Ingredients
The following ingredients have 4 Servings
- 3 cups whole milk
- 3 1/2 tablespoons cornstarch
- 1/8 teaspoon salt
- 3/4 cup sugar
- 3 egg yolks
- 2 tablespoons butter
- 2 teaspoons pure vanilla extract
- 4 large bananas
- 1 package, approx. 15 oz. peanut butter sandwich cookies (such as Gauchos or Nutter Butter)
- 1 cup milk for dunking cookies (optional)
- 2 cups heavy cream
- 1/4 cup powdered sugar
- 1/4 cup roasted salted peanuts (chopped)
Instruction
- Mix 1/4 cup of the milk with the cornstarch in a small bowl. In a saucepan over medium heat, whisk the remaining 2 3/4 cups milk, salt, and sugar together. When the mixture is barely warm whisk in the egg yolks. Whisk constantly until the mixture steams. Increase the heat to medium-high and add the cornstarch mixture. Whisk constantly until the mixture thickens and bubbles slightly. Remove from the heat and whisk in the butter and vanilla extract. Pour the mixture into a shallow dish to speed cooling. Cool 20 minutes then cover the surface with a piece of plastic wrap to keep a skin from forming. Chill for 10-15 minutes.
- Chop bananas into 1/4-inch rounds. Set aside 3 peanut butter cookies for garnish.

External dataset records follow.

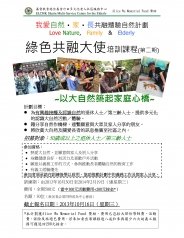 透過一連串豐富而全面的訓練,培訓成為綠色共融大使。藉分享大自然作橋樑,以義務工作的形式,將欣賞自然及關愛長者的訊息推廣至社區之內。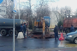 Фотофакт. Провал и работы по его устранению на проезжей части в центре Солигорска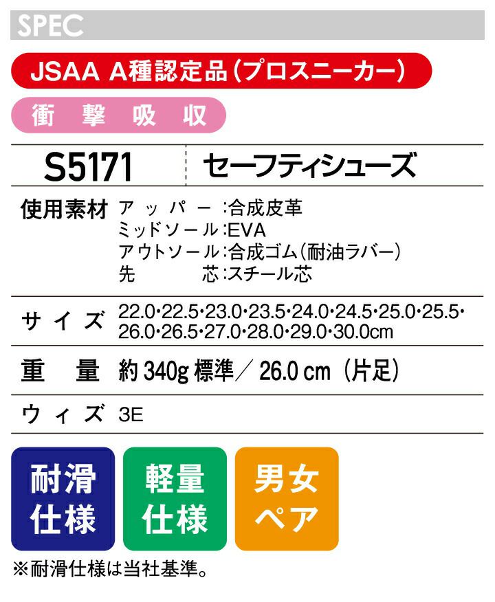 他の画像を見る 高機能セーフティシューズ。 安全靴 セーフティシューズ S5171 JSAA A種認定品 プロスニーカー 衝撃吸収 耐滑 軽量 男女ペア メンズ レディース フィールドメッセージ 自重堂 作業靴 紐タイプ 本体価格 ¥ 2,860 税込 カートに入れる お気に入りに登録する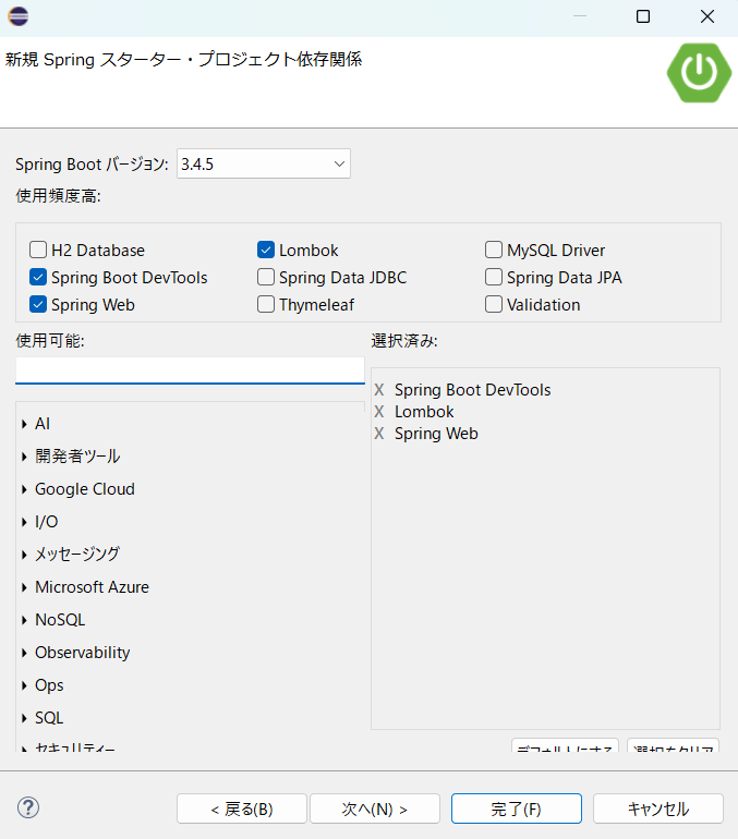 「Spring Web」のほかに「Spring Boot DevTools」「Lombok」のチェックがデフォルトで付いていますがそのまま「完了」ボタンを押して作成してください。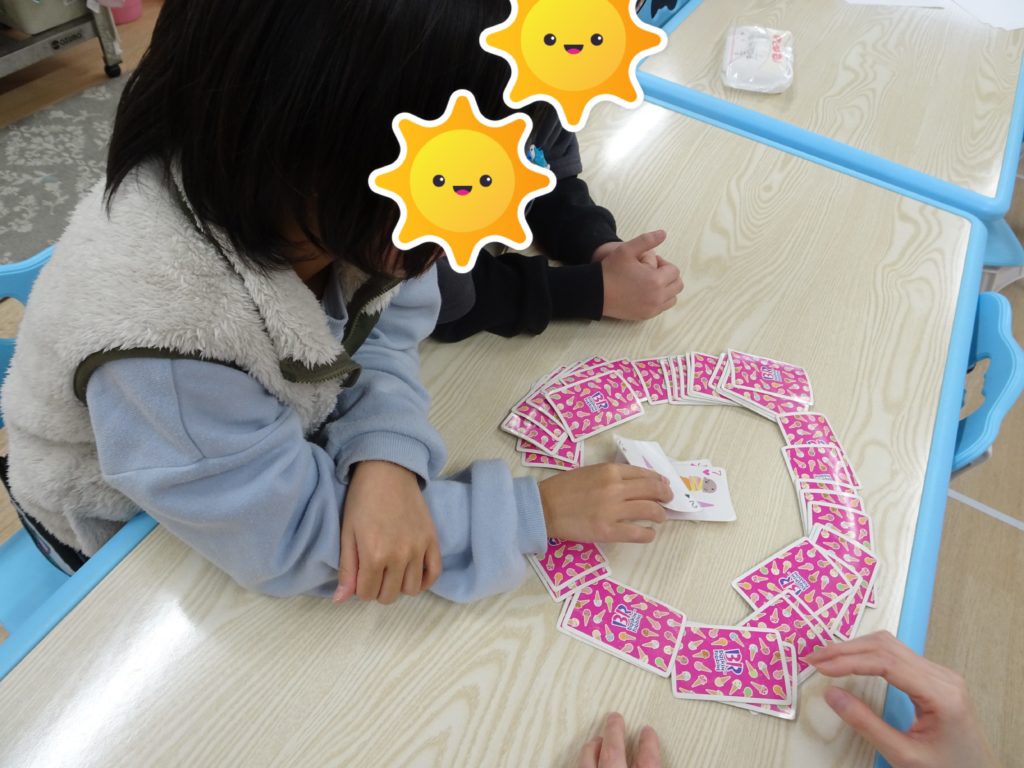 「ぶたのしっぽ」は1枚ずつカードを引き、同じマークが出たら真ん中の手札から全部取る。手持ちのカードが少ない人が勝ちというルールで行いました。「193」はカードを順に出していき、「1・9・3」のカードが出たら真ん中のカードから全部取るルールで沢山カードを取れた人が勝ちというルールのゲームです。「753」は「7・5・3・」のカードが出たら取るというルールのゲームです。瞬時に判断する必要があり、一歩及ばず取られてしまうと「あー」と悔しそうにしていました。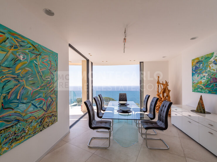 Caratteristiche: Tranquilla vista panoramica sul mare, posizione sicura, vicino alla spiaggia, piscina a sfioro, enorme terrazza sul tetto con vista 180o per eventi privati e aziendali, 365m2 di spazio abitabile, due cucine attrezzate (cucina professionale indipendente per lo chef) centro fitness.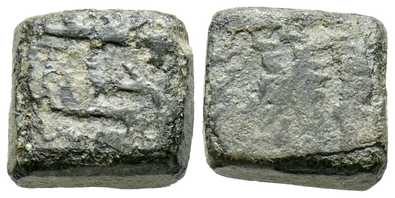 Ponderal de 1/2 Dinar, Anónimo. (Ae. 1,78g/9x8x4mm). Sin fecha. Forma cuadrada con epigrafía cúfica. (Tonegawa Tipo-¿D82?). MBC+. Raro.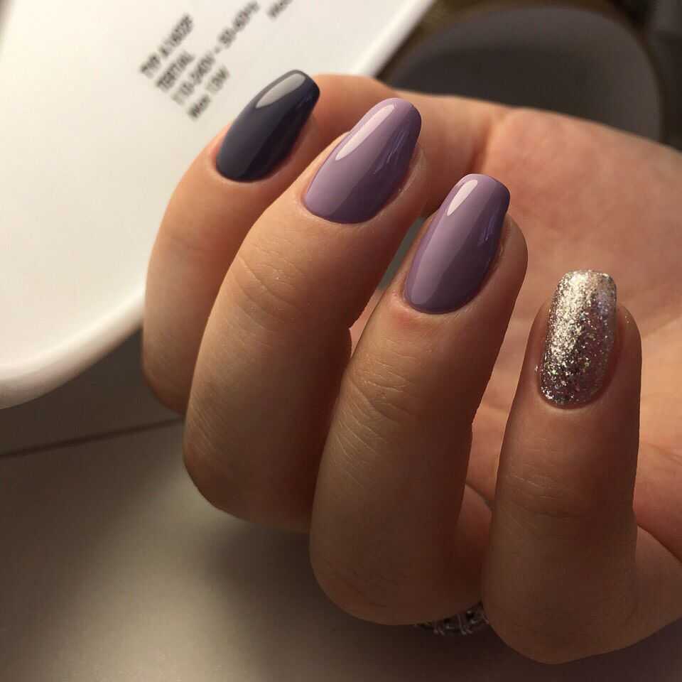 Модные оттенки зимнего маникюра — варианты нежных розовых, нюдовых, молочных, мятных, голубых, серых тонов. Но не только, также актуальны оттенки фиолетового и синего.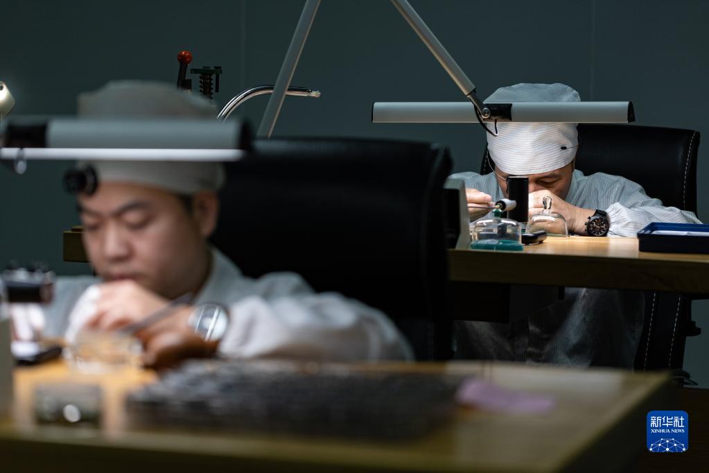 4月25日,在位于深圳的飛亞達鐘表大廈,劉中華裝配手表(右)。新華社記者 毛思倩 攝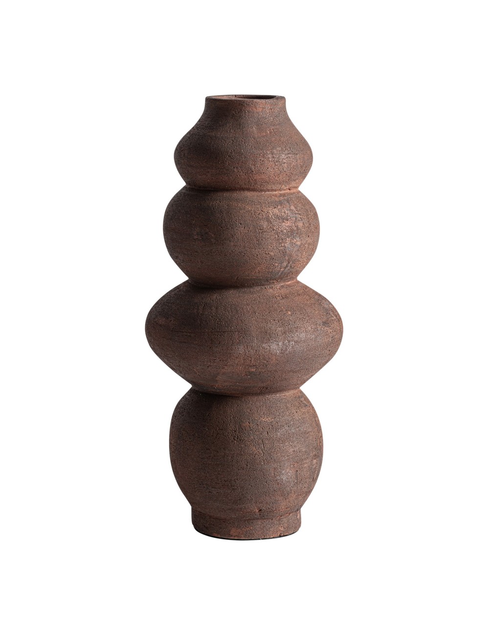 Jarrón Okar de estilo contemporáneo fabricado en terracota en color terracota con acabado mate. | Tibor Bear de estilo art deco fabricado en cerámica en color tonos de azul. | Jarrón phelles en color crema envejecido de estilo étnico. Fabricado en terracota combinado con madera. Producto desmontable. | Jarrón nohae de estilo art deco fabricado en cerámica en color negro. |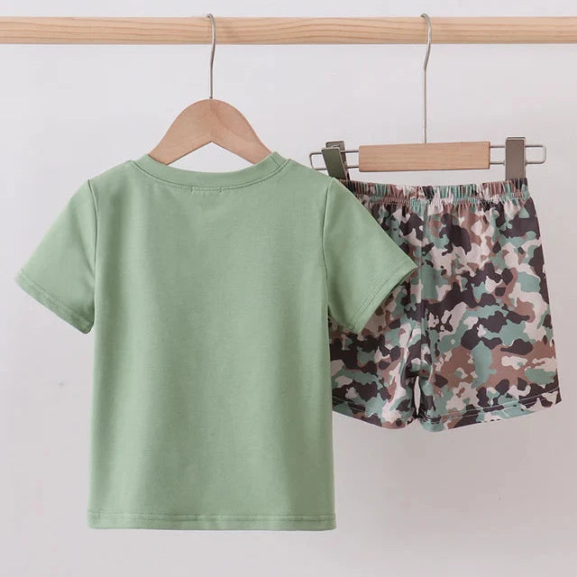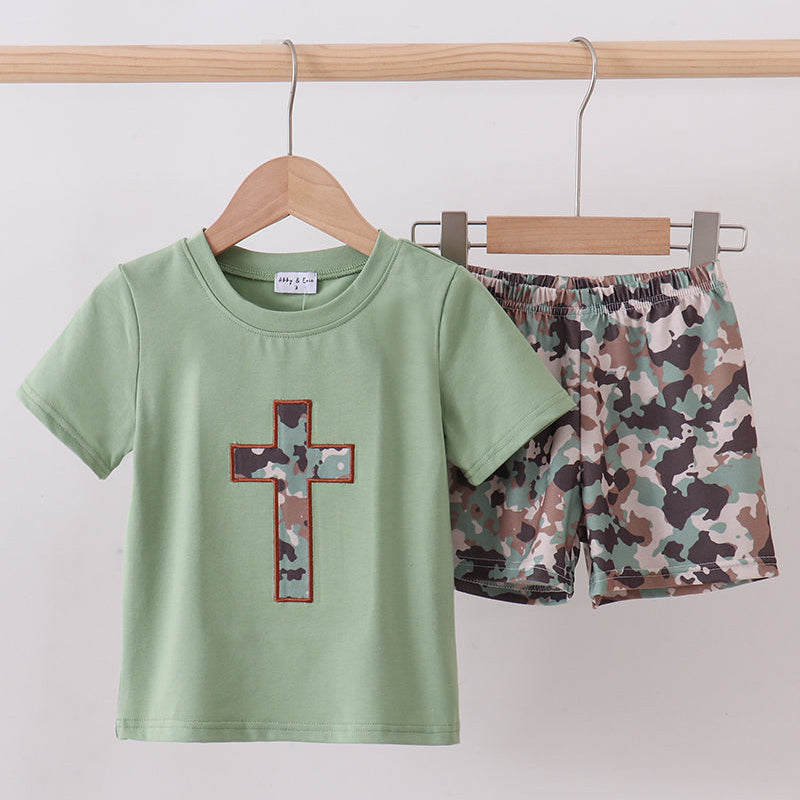 The Cross & Courage Camo Boy Shorts Set is a meaningful and stylish outfit designed for active little boys. This two-piece set features a soft sage green short-sleeve tee with a camo cross appliqué, paired with coordinating camouflage shorts for a comfortable, everyday look.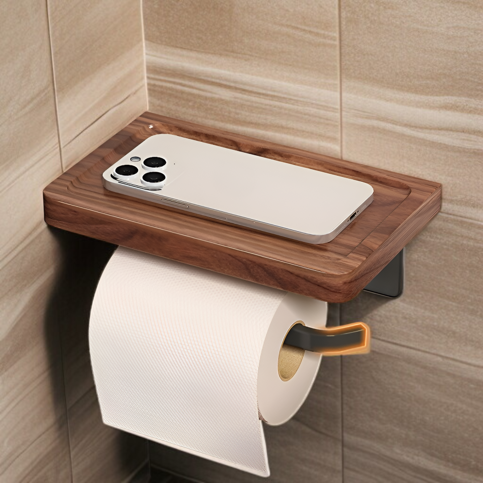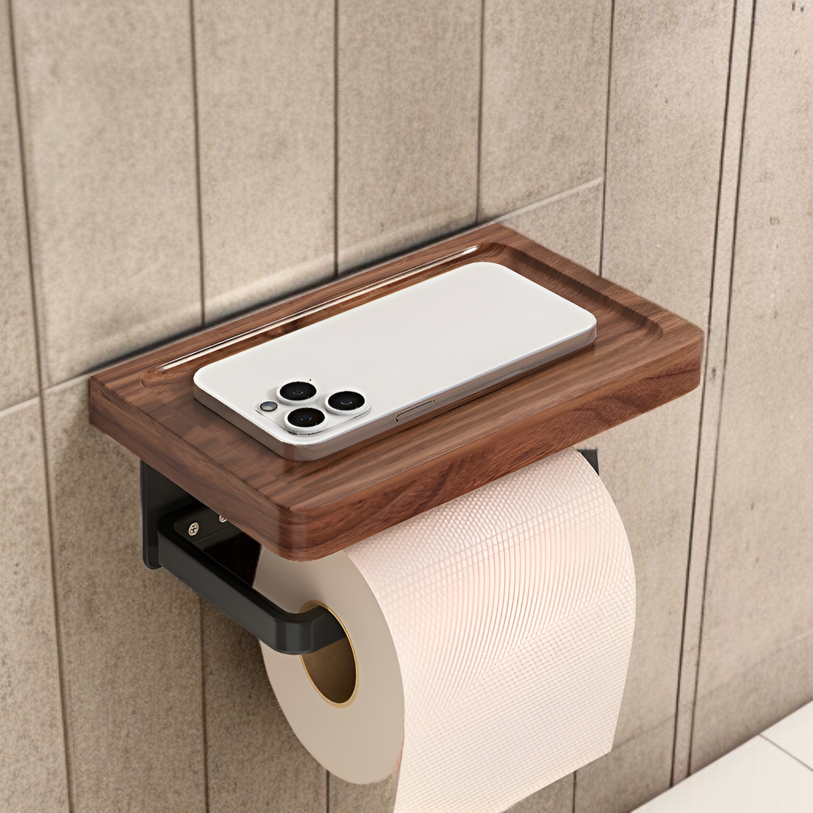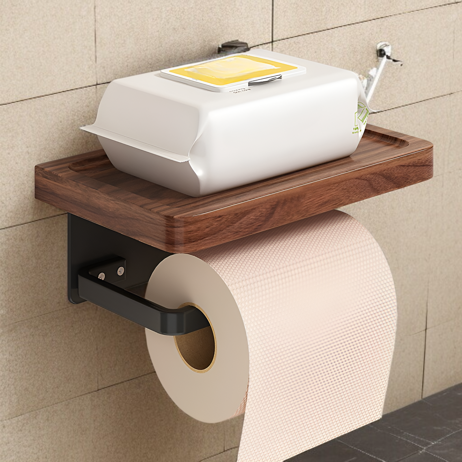 Papiertuchhalter aus Walnussholz, bohrfrei, Toilettenpapierbox und Aufbewahrung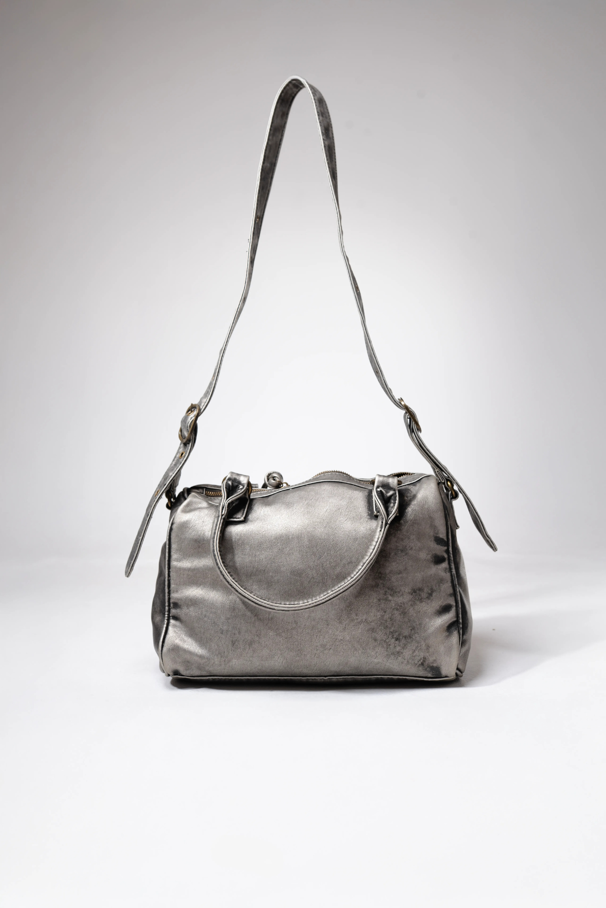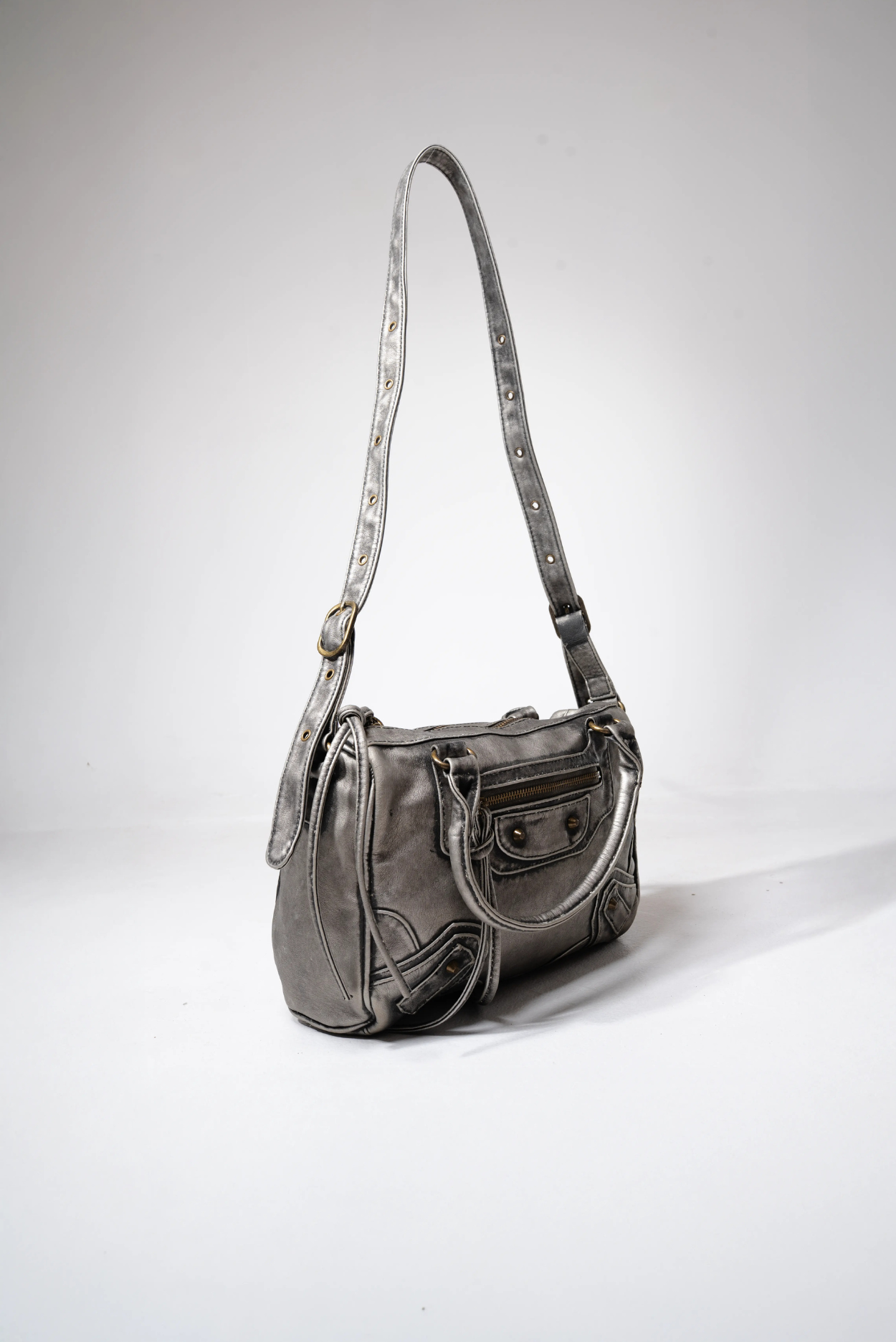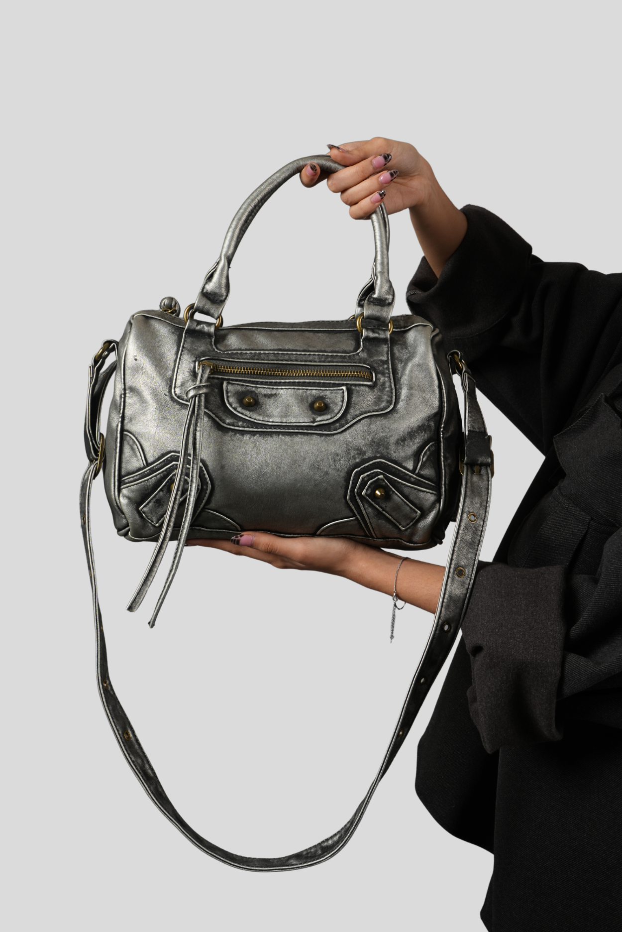 The MANACA Steelpulse Bag is built like a weapon for the streets—metallic, raw, and unapologetically bold. Its distressed silver finish and studded accents give it a gritty, armored presence, while the compact silhouette keeps it functional for everyday chaos. With dual handles and an adjustable strap, Steelpulse adapts to your rhythm—carry it on the shoulder or in-hand for a sharper edge. Rugged, versatile, and futuristic, this bag hits like steel and moves like pulse.

- Layer pudding in the bottom of a 2 to 2 1/2-quart bowl or trifle dish. Top with half of the bananas. Add a layer of peanut butter cookies. (Dunk each cookie quickly in the 1 cup of milk if you plan to enjoy the pudding right away. Otherwise, it takes about 24 hours for the cookies to soften on their own in the pudding.) Repeat layering – these don’t have to be perfectly even. Just do the best you can.
- For the whipped topping, beat the heavy cream on medium-high until slightly thickened. Add the powdered sugar gradually. Beat to stiff peaks. Top the layered pudding with the whipped cream.
- Garnish the pudding with two of the reserved cookies. Crush the remaining cookie and sprinkle the crumbs on top. Sprinkle on the salted chopped peanuts.
- Enjoy immediately or chill for 6 hours before serving. Store leftovers in the refrigerator.